Work to be completed: Within the entries below, please retype exactly the lines starting with the line that has "19岁的杜埃首次入选成年国家" and going on through the line that has "出生于千禧年的杨倩在决赛最后", but not the pictures.

Segment Start: Data shown

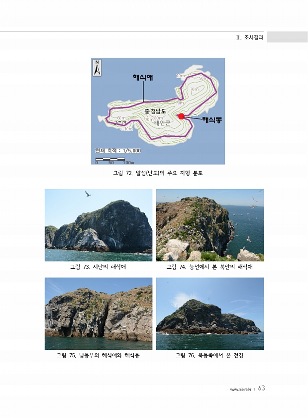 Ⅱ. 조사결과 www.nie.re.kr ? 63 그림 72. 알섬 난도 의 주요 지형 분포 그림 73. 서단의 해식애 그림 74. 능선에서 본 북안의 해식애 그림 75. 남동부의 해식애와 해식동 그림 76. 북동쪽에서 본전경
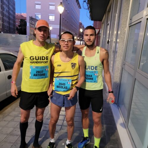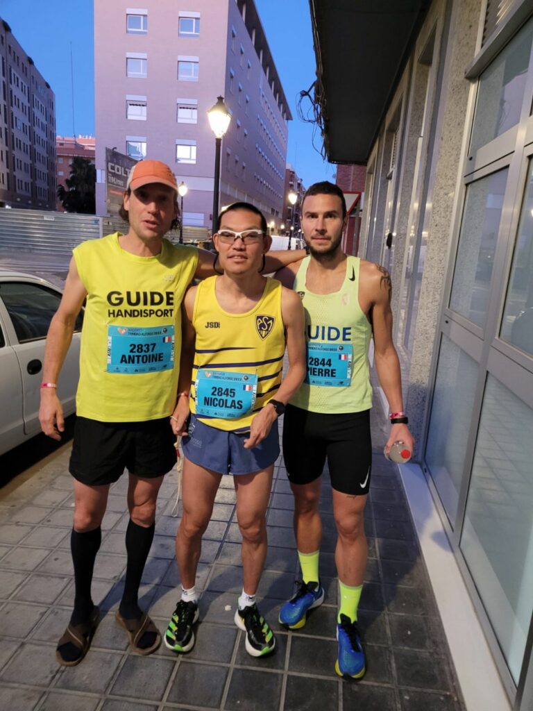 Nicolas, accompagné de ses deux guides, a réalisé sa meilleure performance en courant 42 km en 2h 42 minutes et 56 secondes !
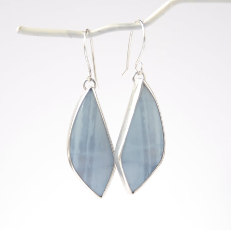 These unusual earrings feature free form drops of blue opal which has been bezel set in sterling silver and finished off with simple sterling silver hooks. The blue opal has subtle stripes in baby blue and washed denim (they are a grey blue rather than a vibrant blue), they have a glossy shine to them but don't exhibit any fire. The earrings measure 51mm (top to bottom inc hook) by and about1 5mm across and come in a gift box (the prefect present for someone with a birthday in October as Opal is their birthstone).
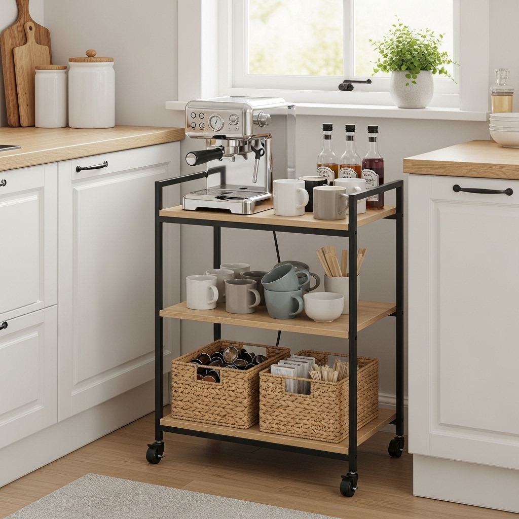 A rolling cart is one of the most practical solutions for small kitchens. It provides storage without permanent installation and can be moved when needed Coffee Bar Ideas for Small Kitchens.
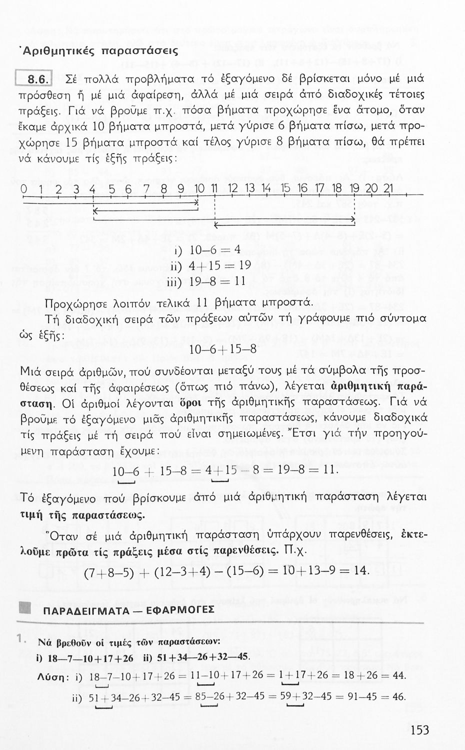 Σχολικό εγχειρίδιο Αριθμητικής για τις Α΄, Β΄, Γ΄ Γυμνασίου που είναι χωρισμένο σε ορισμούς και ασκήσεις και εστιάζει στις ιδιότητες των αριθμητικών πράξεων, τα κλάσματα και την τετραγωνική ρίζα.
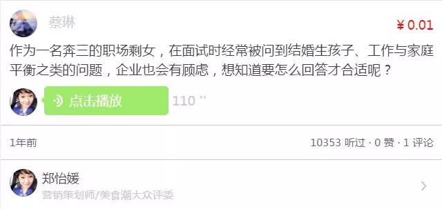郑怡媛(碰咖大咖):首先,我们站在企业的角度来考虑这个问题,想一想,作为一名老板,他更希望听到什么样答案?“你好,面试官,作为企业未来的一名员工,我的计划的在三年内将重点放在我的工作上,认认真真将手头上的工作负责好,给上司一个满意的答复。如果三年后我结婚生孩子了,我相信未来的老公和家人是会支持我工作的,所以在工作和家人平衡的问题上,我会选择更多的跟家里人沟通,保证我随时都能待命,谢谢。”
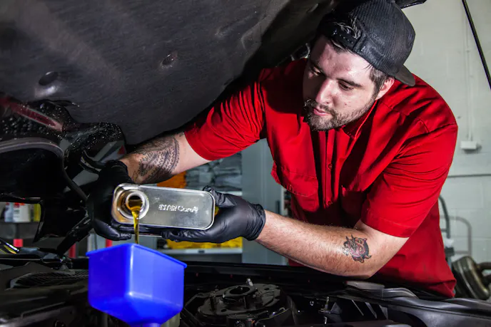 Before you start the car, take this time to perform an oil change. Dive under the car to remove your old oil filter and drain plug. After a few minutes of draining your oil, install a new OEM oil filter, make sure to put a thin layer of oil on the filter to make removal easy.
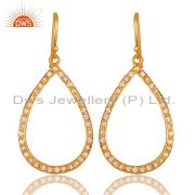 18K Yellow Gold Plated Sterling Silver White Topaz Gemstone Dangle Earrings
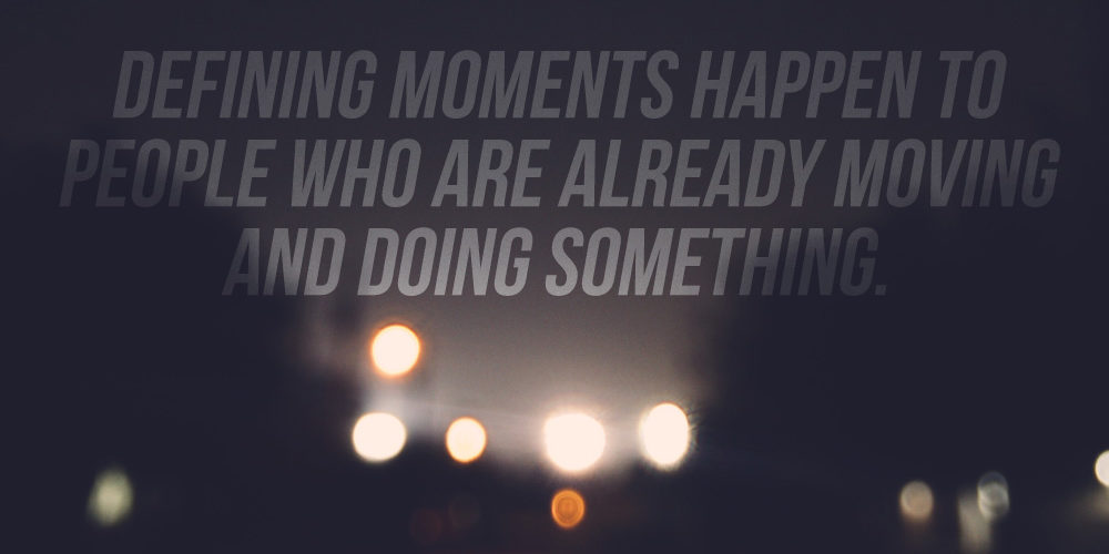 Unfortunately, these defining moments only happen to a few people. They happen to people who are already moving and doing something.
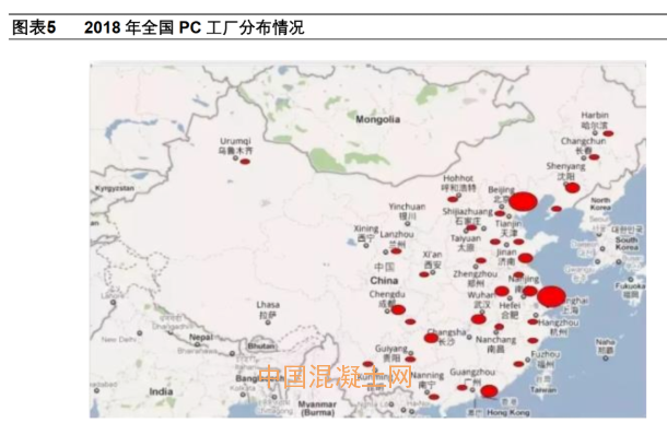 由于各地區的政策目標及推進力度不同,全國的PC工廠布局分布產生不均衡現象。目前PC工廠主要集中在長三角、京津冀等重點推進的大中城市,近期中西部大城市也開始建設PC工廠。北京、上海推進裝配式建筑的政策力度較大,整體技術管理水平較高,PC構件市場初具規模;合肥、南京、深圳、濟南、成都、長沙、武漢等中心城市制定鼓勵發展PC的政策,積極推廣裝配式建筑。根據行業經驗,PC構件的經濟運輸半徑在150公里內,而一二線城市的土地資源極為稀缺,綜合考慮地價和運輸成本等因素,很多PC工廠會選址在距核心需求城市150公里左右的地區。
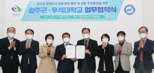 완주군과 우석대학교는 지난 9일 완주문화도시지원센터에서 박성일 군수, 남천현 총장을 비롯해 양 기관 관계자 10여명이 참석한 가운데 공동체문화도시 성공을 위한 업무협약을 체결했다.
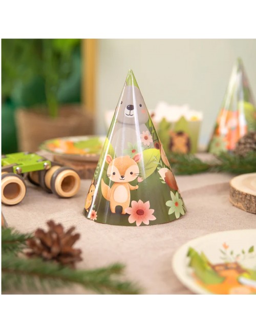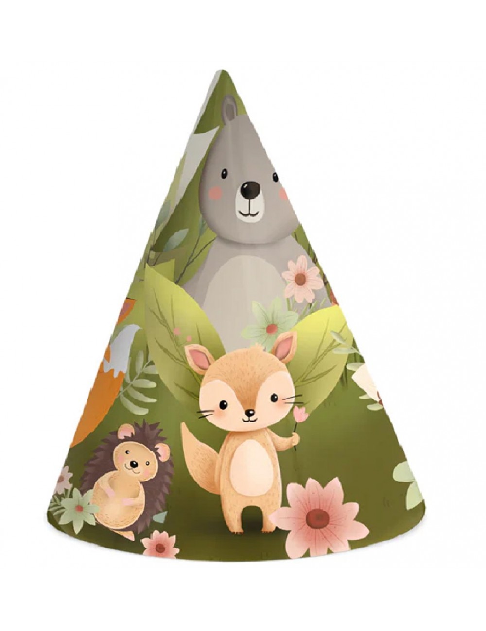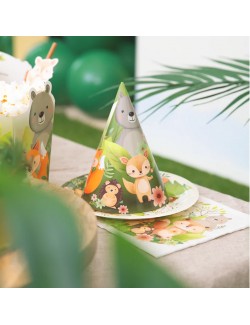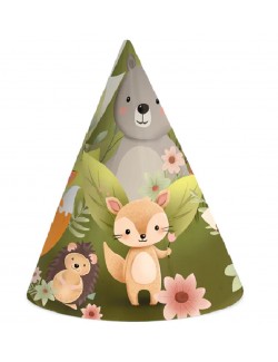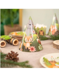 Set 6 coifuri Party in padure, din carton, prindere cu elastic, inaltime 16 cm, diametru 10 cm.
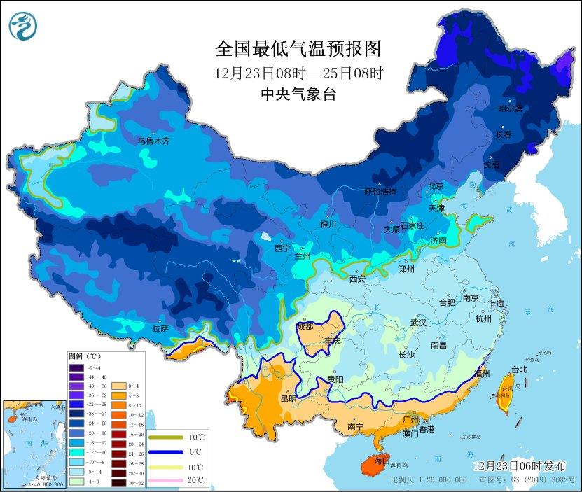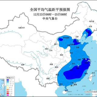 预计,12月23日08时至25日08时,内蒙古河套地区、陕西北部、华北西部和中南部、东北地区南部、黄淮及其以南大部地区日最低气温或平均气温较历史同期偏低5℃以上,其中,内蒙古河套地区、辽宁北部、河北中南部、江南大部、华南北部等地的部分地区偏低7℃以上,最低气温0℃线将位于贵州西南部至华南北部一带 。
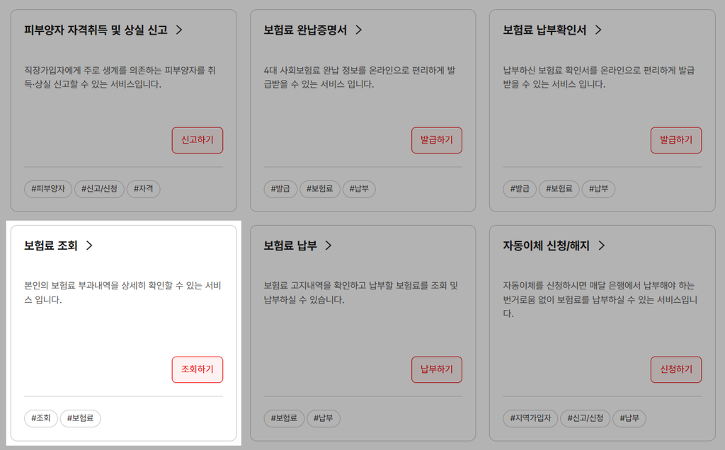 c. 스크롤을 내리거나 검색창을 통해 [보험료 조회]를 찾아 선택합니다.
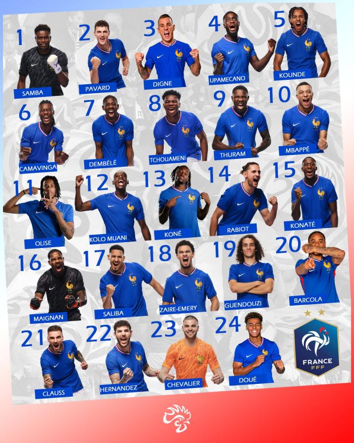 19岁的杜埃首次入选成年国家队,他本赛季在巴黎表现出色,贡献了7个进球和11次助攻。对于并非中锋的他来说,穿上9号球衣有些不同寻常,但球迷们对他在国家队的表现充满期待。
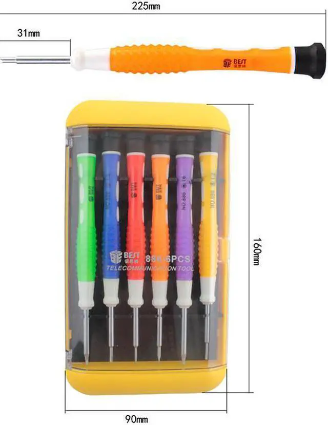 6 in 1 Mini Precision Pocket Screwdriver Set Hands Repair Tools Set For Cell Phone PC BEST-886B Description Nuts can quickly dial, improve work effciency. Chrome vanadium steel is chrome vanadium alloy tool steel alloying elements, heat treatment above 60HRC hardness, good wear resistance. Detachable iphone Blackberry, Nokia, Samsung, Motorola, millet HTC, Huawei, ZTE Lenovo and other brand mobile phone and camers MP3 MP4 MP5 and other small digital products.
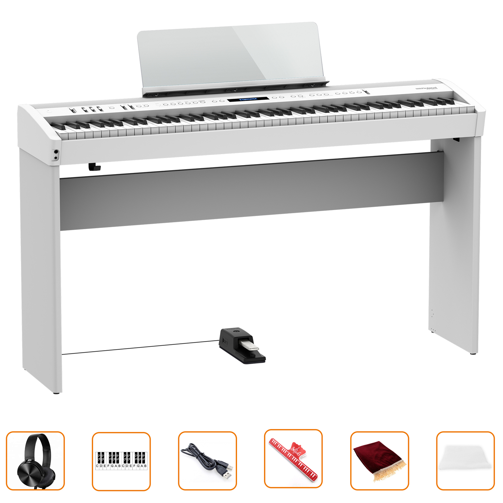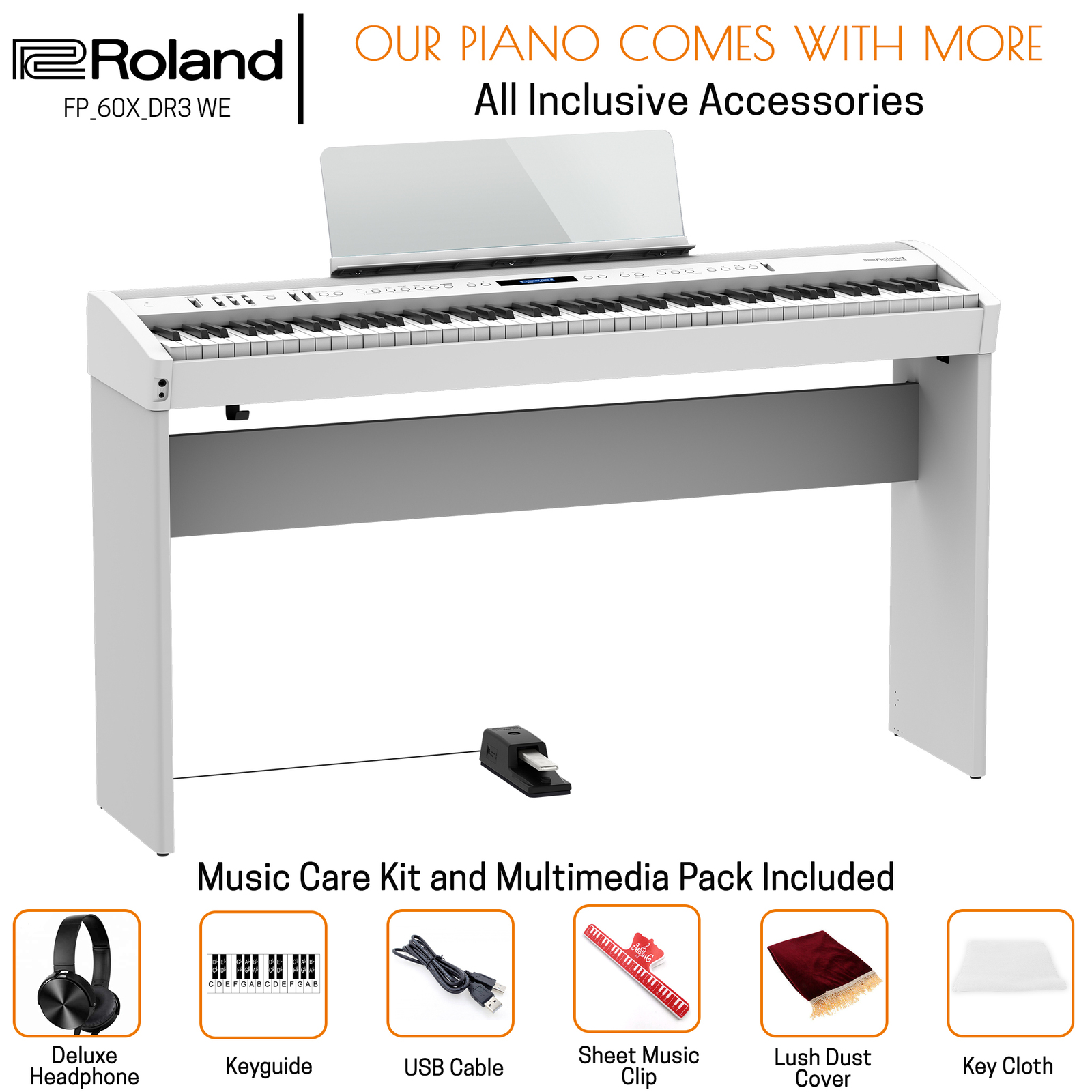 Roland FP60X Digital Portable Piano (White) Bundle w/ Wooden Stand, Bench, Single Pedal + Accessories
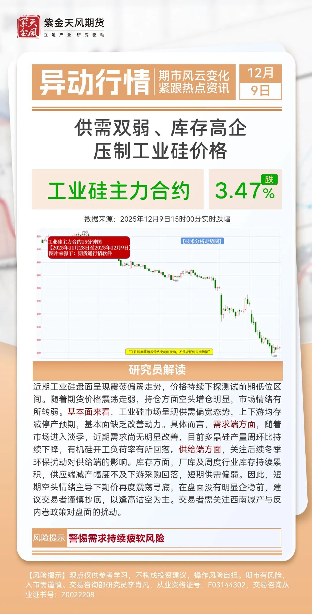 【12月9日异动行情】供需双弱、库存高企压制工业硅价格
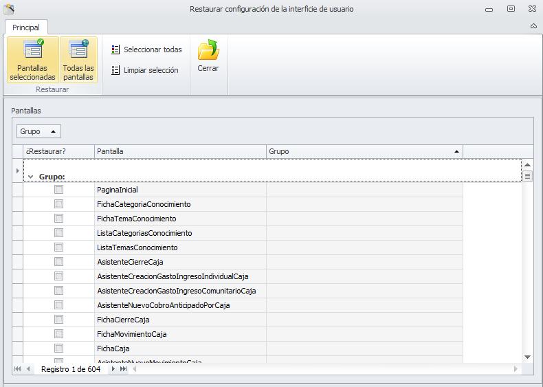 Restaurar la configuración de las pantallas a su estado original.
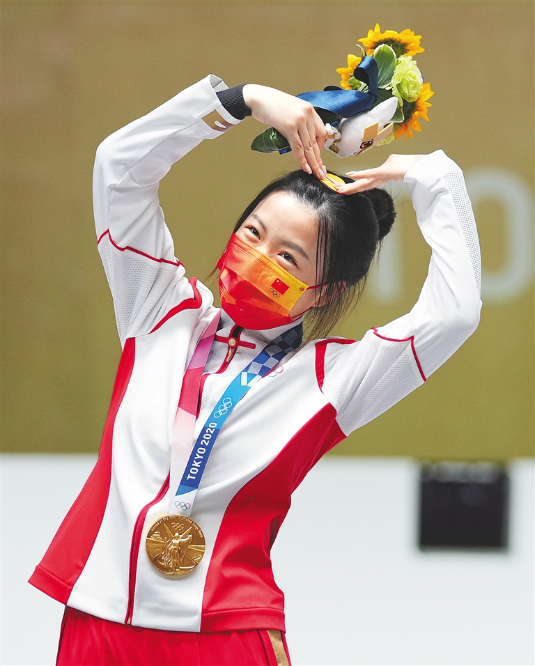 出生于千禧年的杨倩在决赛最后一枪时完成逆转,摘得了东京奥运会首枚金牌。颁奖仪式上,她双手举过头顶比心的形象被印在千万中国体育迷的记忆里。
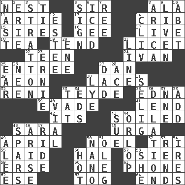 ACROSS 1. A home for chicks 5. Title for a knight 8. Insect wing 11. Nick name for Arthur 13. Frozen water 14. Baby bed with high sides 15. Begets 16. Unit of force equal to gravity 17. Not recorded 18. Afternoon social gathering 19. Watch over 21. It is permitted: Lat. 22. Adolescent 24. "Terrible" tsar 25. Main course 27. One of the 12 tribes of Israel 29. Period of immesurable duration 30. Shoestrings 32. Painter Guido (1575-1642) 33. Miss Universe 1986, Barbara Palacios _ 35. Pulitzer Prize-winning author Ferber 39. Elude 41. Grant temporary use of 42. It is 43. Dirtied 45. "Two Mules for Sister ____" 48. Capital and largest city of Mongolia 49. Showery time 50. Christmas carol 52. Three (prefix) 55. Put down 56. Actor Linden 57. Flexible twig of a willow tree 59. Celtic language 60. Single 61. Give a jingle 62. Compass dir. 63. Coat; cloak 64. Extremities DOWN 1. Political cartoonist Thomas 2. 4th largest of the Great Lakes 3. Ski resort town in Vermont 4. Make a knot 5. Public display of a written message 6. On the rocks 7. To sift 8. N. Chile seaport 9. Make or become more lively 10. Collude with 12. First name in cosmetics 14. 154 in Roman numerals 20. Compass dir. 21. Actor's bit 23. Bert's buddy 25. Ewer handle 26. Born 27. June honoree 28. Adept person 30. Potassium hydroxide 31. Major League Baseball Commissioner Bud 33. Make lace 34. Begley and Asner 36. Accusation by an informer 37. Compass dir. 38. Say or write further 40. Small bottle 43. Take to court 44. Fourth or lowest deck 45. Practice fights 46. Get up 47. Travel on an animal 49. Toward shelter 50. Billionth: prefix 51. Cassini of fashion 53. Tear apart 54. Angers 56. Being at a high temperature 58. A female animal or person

Segment End: Data shown

Solution for this problem:
 19岁的杜埃首次入选成年国家队,他本赛季在巴黎表现出色,贡献了7个进球和11次助攻。对于并非中锋的他来说,穿上9号球衣有些不同寻常,但球迷们对他在国家队的表现充满期待。
 6 in 1 Mini Precision Pocket Screwdriver Set Hands Repair Tools Set For Cell Phone PC BEST-886B Description Nuts can quickly dial, improve work effciency. Chrome vanadium steel is chrome vanadium alloy tool steel alloying elements, heat treatment above 60HRC hardness, good wear resistance. Detachable iphone Blackberry, Nokia, Samsung, Motorola, millet HTC, Huawei, ZTE Lenovo and other brand mobile phone and camers MP3 MP4 MP5 and other small digital products.
 Roland FP60X Digital Portable Piano (White) Bundle w/ Wooden Stand, Bench, Single Pedal + Accessories
 【12月9日异动行情】供需双弱、库存高企压制工业硅价格
 Restaurar la configuración de las pantallas a su estado original.
 出生于千禧年的杨倩在决赛最后一枪时完成逆转,摘得了东京奥运会首枚金牌。颁奖仪式上,她双手举过头顶比心的形象被印在千万中国体育迷的记忆里。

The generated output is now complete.